Think about it this way: in a zero-sum game, you winning means someone else is losing. Who are you beating, and why are you doing better than them?

My answer is that the market is largely unpredictable and those who win have just been lucky so far.


I gave you the last word and I'll stand by that, but I think you misunderstood me and I'd like to clarify this point:

The SPY is an index fund. Of the S&P500. So no, you're not saying "they're both stupid". You're saying "buy an index fund" and I'm saying, there are more sophisticated ways of doing exactly what you're advocating.

And I'll answer your questions: 1. I don't have to "beat" professionals. When you sell options, you're selling at the Bid price. The market makers are still making their few-pennies cut, because that's how their business works.

2. Option pricing is transparent. One of the multiplicands in options pricing formulas is Implied Volatility. This is a forward looking, crowdsourced guess of where the market thinks volatility is headed. It's not backward looking, that's Historical Volatility. The thing about IV is that empirically, it over-estimates. Since the CBOE first invented the Call option 20 or 30 years ago, actual volatility has been lower than the Implied Volatility predicted. And that's the edge dufer, it's an arbitrage opportunity between IV and actual volatility. There is of course no guarantee it will always be there, but it always has been, and that counts for something.

Another way to look at this is simple: People buy options for a variety of reasons. Speculation and Hedging primarily. The options market has to build-in an edge for option sellers, otherwise nobody would sell them.

Alright, I'm sorry if ever my emotions ran a little high. I love HN but the tendency to shout-down what you don't agree with sickens me a little and I have a hard time just yielding to it.


When you say "basis" are you talking about tax basis? Are you suggesting there is some positive tax implication to trading options? Or are you talking about something else?


I've had this idea before. Any advice on what strike price you'd sell the calls at?


Check out TastyTrade.com, watch some of the videos.

I have a few rules: 1. Only trade very liquid underlyings. Only 30-40 stocks make the list, and only 10-15 are companies. 2. I don't always sell covered calls, only when IV Rank is high enough to tip the edge in my favor 3. When IV is high, you can set your strike price further out. 4. It's good to go to the 1 Standard Deviation strike, so in your trading platform look for the strike that's around 68% OTM.

Truthfully, though, I don't do covered calls all that much.

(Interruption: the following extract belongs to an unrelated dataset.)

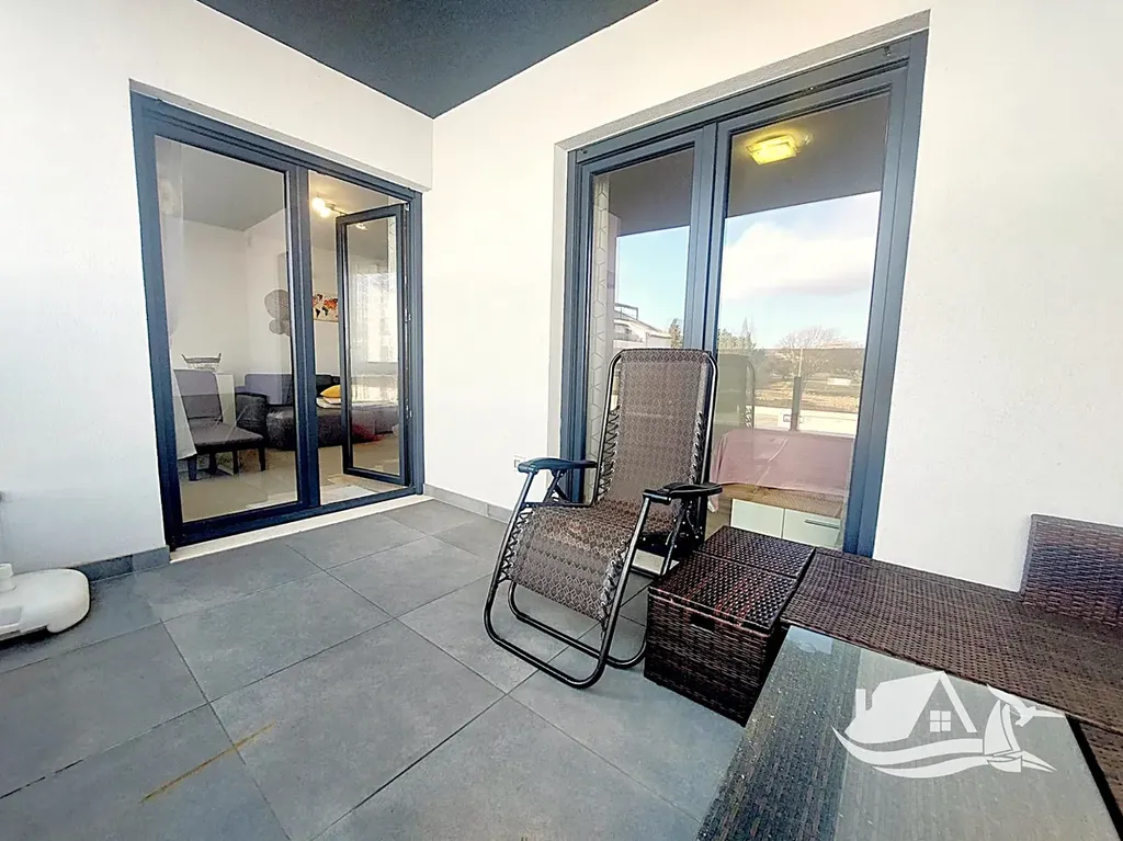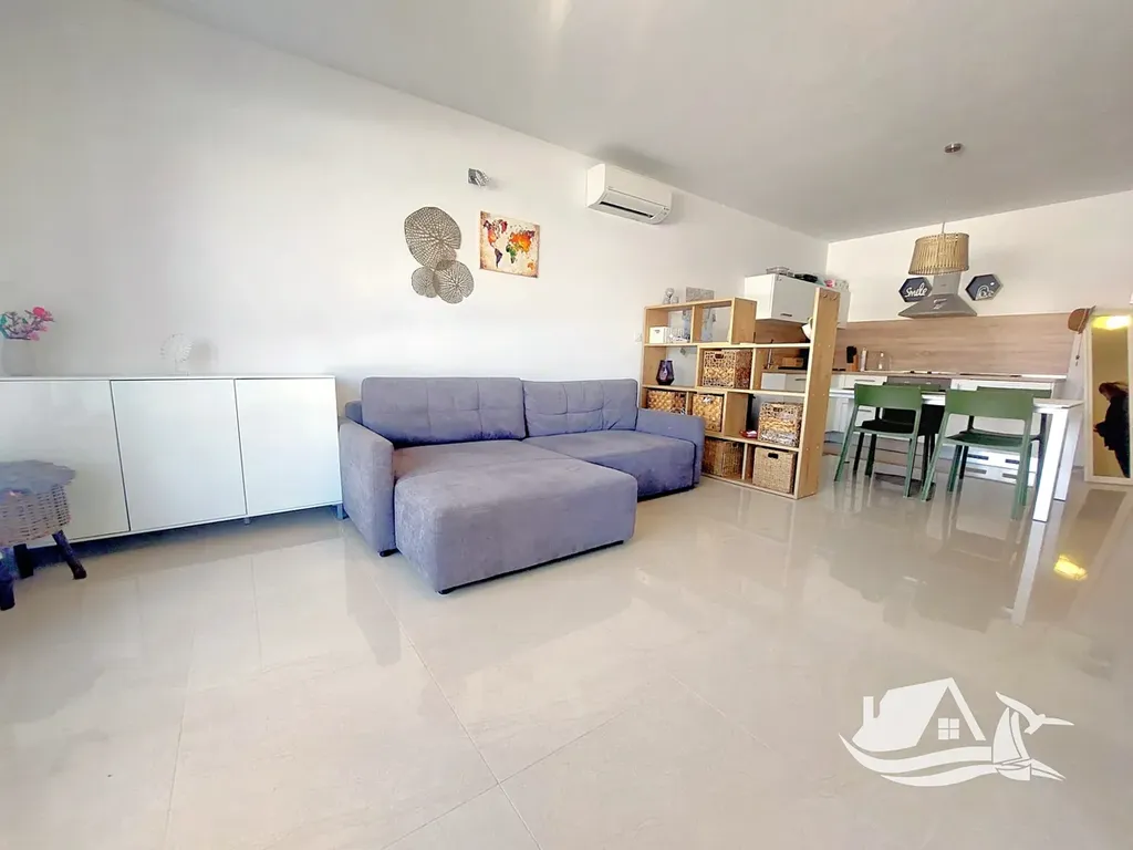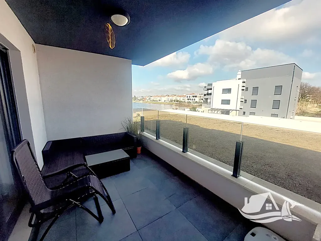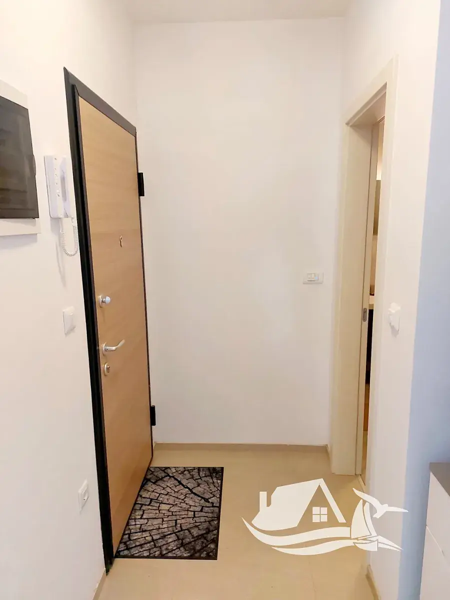 Apartmán se nachází v prvním patře a nabízí promyšlenou dispozici. Vstupní chodba vede do vzdušného obývacího prostoru propojeného s moderně vybavenou kuchyní a jídelnou. Ložnice je dostatečně prostorná a poskytuje klidné zázemí pro odpočinek. Elegantní koupelna je řešena v nadčasovém stylu a splňuje nároky na komfortní každodenní užívání. Dominantou bytu je prostorný balkon, který nabízí příjemné místo pro ranní kávu i večerní posezení v typické středomořské atmosféře.
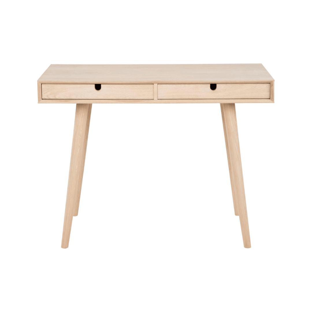 Inspired by Scandinavian design, the Century desk is designed to become a modern classic. It is characterized by clean lines and a minimalist look. The rectangular table top boasts a white pigmented oak veneer, while the slender oak legs give it a light feel. The two drawers provide practical storage for documents and other belongings.

Because they tie up a lot of buying power because you have to buy the underlying stock. They work best if you already are committed to holding long term, and if you write them in you IRA, which will prevent any tax implications should your short strike be reached and your stock called away.

When that happens, by the way, I just deploy the capital elsewhere, it's not tragic.


I'd love to hear some more ideas. I was going to email you but I didn't see an email listed? Would you drop me an email?


The whole point of the article is that retail investors investing in index funds almost always beat the professionals.

Options have several characteristics that make them substantially riskier. Even selling covered calls is much trickier and riskier than investing in an index fund and likely to have poorer results.


They're not mutually exclusive. For best results, you should invest in an index fund and sell covered calls on it every month. Also, there's no "risk" created from a covered call. That's the 'covered' part. There is the possibility that you could "miss out" on an up move, but the trade off is the certainty that you will collect premium every month.

This is something that can be tested, and has been studied, and I encourage you to do that instead of relying on your bias here. Clearly you have some knowledge of the subject so sharpening on the finer points could be informative for you.


Except there are S&P 500 Buy write indexes/ETFs, and they underperform over long periods of time.


Right, because having somebody else manage your money isn't as profitable as managing it yourself. You would agree with that I'm sure?